According to government ministries on the 8th, the Ministry of Economy and Finance is expected to announce a revised economic growth forecast for this year in the second half economic policy direction report as early as the end of this month. The government initially projected an economic growth rate of 1.6% for this year but is internally considering a slight downward revision. This is due to the fact that the country has not benefited at all from China's reopening effect, and with the trade deficit continuing for 15 consecutive months, there are expectations that the pace of economic recovery in the second half will be slower than anticipated.


The Organisation for Economic Co-operation and Development (OECD) also lowered South Korea's economic growth forecast for this year by 0.1 percentage points to 1.5% after three months for the same reasons. This forecast matches those of the International Monetary Fund (IMF, 1.5%) and the Korea Development Institute (KDI, 1.5%), and is 0.1 percentage points higher than that of the Bank of Korea (1.4%). The reason major institutions have collectively downgraded South Korea's growth forecast is the uncertain possibility of a short-term export recovery. The OECD assessed the current Korean economic situation by stating, "Private consumption is recovering mainly in services, but private investment is somewhat sluggish due to high interest rates."


Export Slump and Labor Shortage... The Frightening Reasons Behind South Korea's Growth Rate Decline

According to the KDI, the economic growth rate refers to the increase in real GDP. This is the figure obtained by subtracting inflation from nominal GDP, which calculates all goods and services produced in a country. Real GDP growth is closely related to productivity improvements. When productivity increases, jobs naturally increase as well. Ultimately, a decline in the economic growth rate means a reduction in corporate jobs, a decrease in household income, and an increase in the impoverished population, which in the worst case can create a vicious cycle in national management, such as a decrease in tax revenue.

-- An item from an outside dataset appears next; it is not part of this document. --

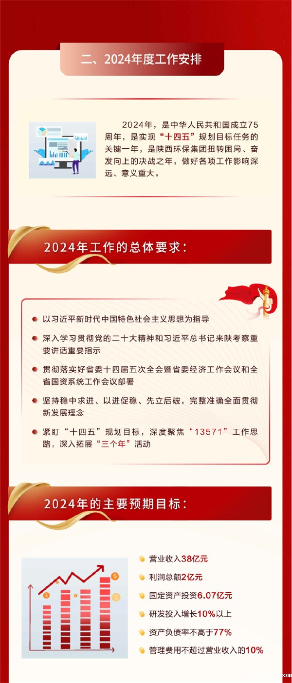 报告从“顶层设计、市场拓展、项目建设、国企改革、科技创新、内部管控”六个方面全面总结2023年工作成效,客观分析了当前存在的问题,并提出2024年工作重点:坚持稳中求进、以进促稳、先立后破的工作导向,深度聚焦“13571”发展思路,推动集团增强核心功能、提高核心竞争力,加快建成国内一流环保企业,为改善区域生态环境、助推环保产业发展、谱写中国式现代化建设的陕西新篇章作出更大贡献。2024年主要经营目标是:全年实现营业收入38亿元,利润总额2亿元,固定资产投资6.07亿元,研发投入增长10%以上,资产负债率不高于77%,管理费用不超过营业收入的10%。

The problem is that signals of an economic recession in South Korea are being continuously detected. While trade with China and semiconductor export declines act as constants pulling down the current economic growth rate, upward price pressures from international oil prices, exchange rates, and international raw material prices in the second half of the year are major variables. Additionally, the planned increase in public transportation fares centered in the metropolitan area in the second half is also a source of concern. Professor Yang Jun-mo of Yonsei University's Department of Economics warned, "With the minimal effect of China's reopening and continued export stagnation in IT items such as semiconductors, oil prices are further increasing instability. We had expected the economy to gradually recover if prices such as West Texas Intermediate (WTI) crude oil fell below the $70 per barrel range, but these expectations are currently collapsing."


There is also an argument that the long-term decline in the future labor force is a bigger problem that the Korean economy must bear. The Bank of Korea has already diagnosed that the country has entered a 'long-term low-growth structure,' and the OECD has ranked responding to rapid population aging as the top policy recommendation for Korean economic growth. As the working-age population decreases due to low birth rates and aging, demand driving economic activity declines, making a drop in economic growth rate inevitable. The OECD advised, "Training for the unemployed and strengthening active labor policies, as well as expanding social safety nets, should be enhanced to facilitate smooth redistribution of the labor force."